Type 0:  no phonological contrast between tone1 and tone 1: both are realized HL  (regions where this system is used: Nordhordland and Midhordland except for Bergen, most of Finnmark, Northeastern Nordbotten,  Finland)
-
Type1A:  tone 1: HL, tone 2: LHL (regions where this system is used: most of Western Norway, parts of Northern Norway (coastal Troms) and in Sweden: Scania and adjoining regions (Blekinge, Southern Småland etc).
Type 1B:  tone 1:HL, tone 2: LHL (similar to type 1B but with later timing: regions used:  Dalarna and Gotland)
-
Type 2A: tone 1: LHL, tone 2: HLHL (used in Stockholm and much of Central Sweden (except for Dalarna and Gotland), used in Northern Sweden too,  used in Southern Norway and some cities of Western Norway (like Stavanger)
Type 2B: tone 1: LH,  tone 2: LHL (used in Göta region of Sweden and in Southeastern Norway).

*1heden*(the heath) vs *2heden*  (_heden tid_)

In Bergen and Malmö: * 1heden *= hèden;  *2heden *= hédèn
In Oslo and Gothenburg ;* 1heden*= hedén; *2heden* = hèdén
In Stockholm: *1heden*= hédèn; *2heden=* hêdên

(` = falling; ´  = rising; ^ = first rise then fall; _ = low)
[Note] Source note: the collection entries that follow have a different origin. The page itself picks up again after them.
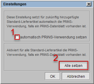 Die Schaltfläche [Alle setzen] (s. Markierung 2) setzt alle Haken für die PRiNS-Verwendung bei Standard-Lieferartikeln, die ein PRiNS-Datenblatt besitzen.
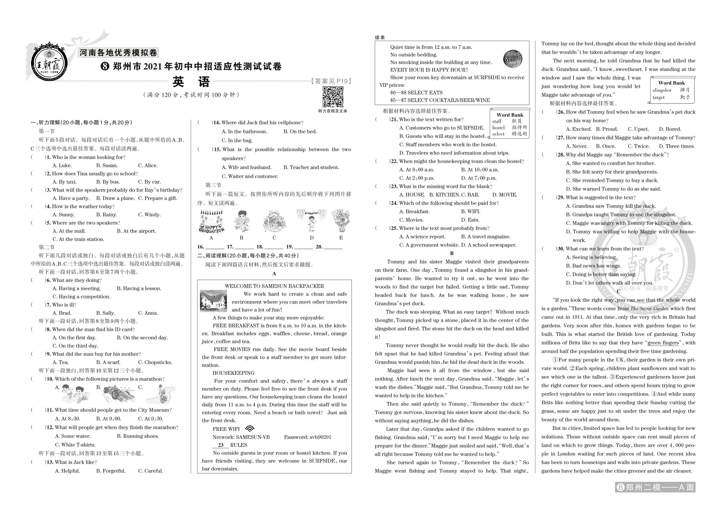 郑州市2021年初中中招适应性测试试卷·英语【8】
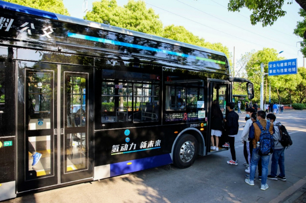 4月18日下午4点多,一辆135路公交车驶进银河路加氢站。工作人员蒋鑫见状立马来到加氢点旁,熟练地拿起防静电设备夹在公交车上,随后将加氢枪插进公交车储氢设备内开始加氢气。蒋鑫说,该站具备每日1000千克的加氢能力。按每辆公交车每日20千克加氢量计算,可满足50辆公交车每日的加氢需求。
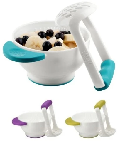 - miska a mačkátko pro snadnou přípravu malých porcí, miska s vnitřními vroubky zajistí snadné rozmačkání, proti-skluzová základna misky
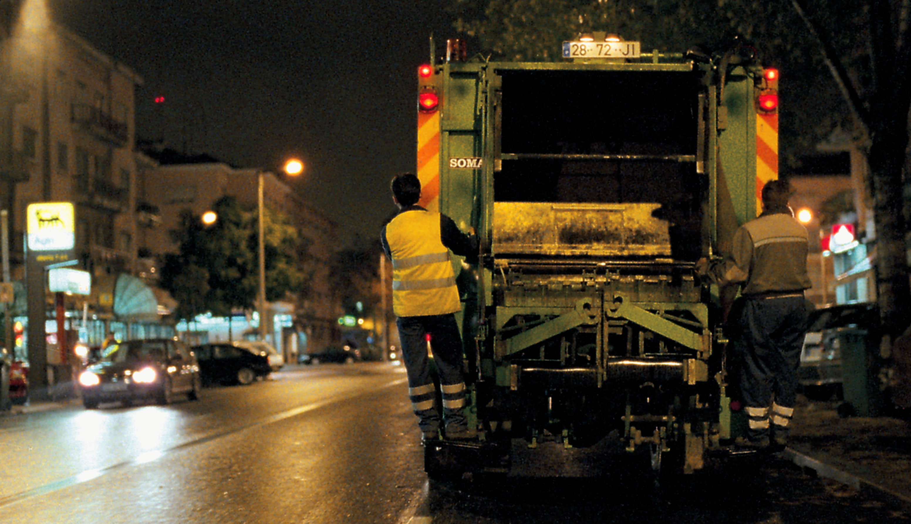 The shock and awe of having a human body in an animal world is a central preoccupation for Rodrigues, who studied biology before switching to film at Lisbon’s Escola Superior de Teatro e Cinema under the tutelage of the still relatively unknown Portuguese poet and documentary filmmaker António Reis. Rodrigues’s most recent release, The Ornithologist (2016), also has at its center the allusive field of vision of a solitary male character, a birdwatcher named Fernando (Paul Hamy), who undergoes a wayward, religious odyssey in the forest of northern Portugal, the region most associated with Reis. Yet the lush, sun-dappled landscapes of The Ornithologist are a visual inversion of the mise-en-scène of O Fantasma, a sordid city-symphony, with elements of science fiction, about wanting to become garbage. Shot mainly at night, under streetlamps where available, and with nonprofessional actors, O Fantasma abounds in blurs and shadows that muddle the physical boundaries of sentient beings. Prior to shooting, Rodrigues spent six months with the employees of a waste-management site in northern Lisbon, familiarizing himself with their day-to-day operations and the routines of the city’s working class, themselves regarded by the capital’s policymakers as refuse.
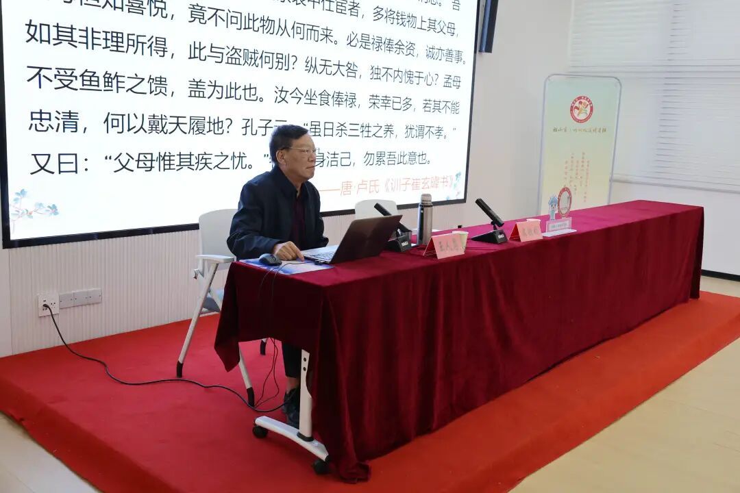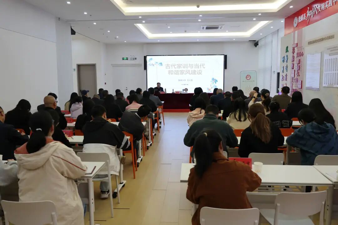 主讲人以《古代家训与当代和谐家风建设》为题,用诙谐幽默、浅显易懂的阐释,声情并茂地带领现场听众走进古代家训的文化殿堂。他深入剖析 “仁义礼智信、忠恕孝悌俭” 十大核心内涵的时代价值,从为人处世的处世之道、读书治学的成才之道,到和睦亲邻的理家之道、为官仕宦的济世之道,全方位解读传统家训跨越时空的生命力。同时,结合剖析当代社会现实案例,予人以深刻警醒启迪,为当代和谐家风建设提供生动指引与实践借鉴,赢得现场阵阵掌声。

source: http://www.google.no/url?sa=t&rct=j...Wsm_ao8vYTBsxcrU5gqITTQ&bvm=bv.65058239,d.bGQ


----------



## myšlenka

Hi,
 it's hard to read your transcriptions of how the tones are distributed across the word, but generally accent 2 is characterized by high-low-high (HLH) in the Oslo accent where the first H is linked to the first syllable while the L is associated with the right edge of the first syllable and with all following non-final syllables. The final H is aligned with the right edge of the word. Norwegian tone however, is not taught explicitly taught to foreigners (not to Norwegians either) so you won't find many resources on it. Morever, tone is more than distinguishing between words that would otherwise be homophonous. Tone spans across something which is referred to as accent phrases which could be defined as the area between two stressed syllables. The distribution of accent 1 and accent 2 is predictable to a large extent if you have access to the linguistic history, but it is opaque in modern Norwegian. To mess it up a little more, the tones change in prefixed words and in compounds.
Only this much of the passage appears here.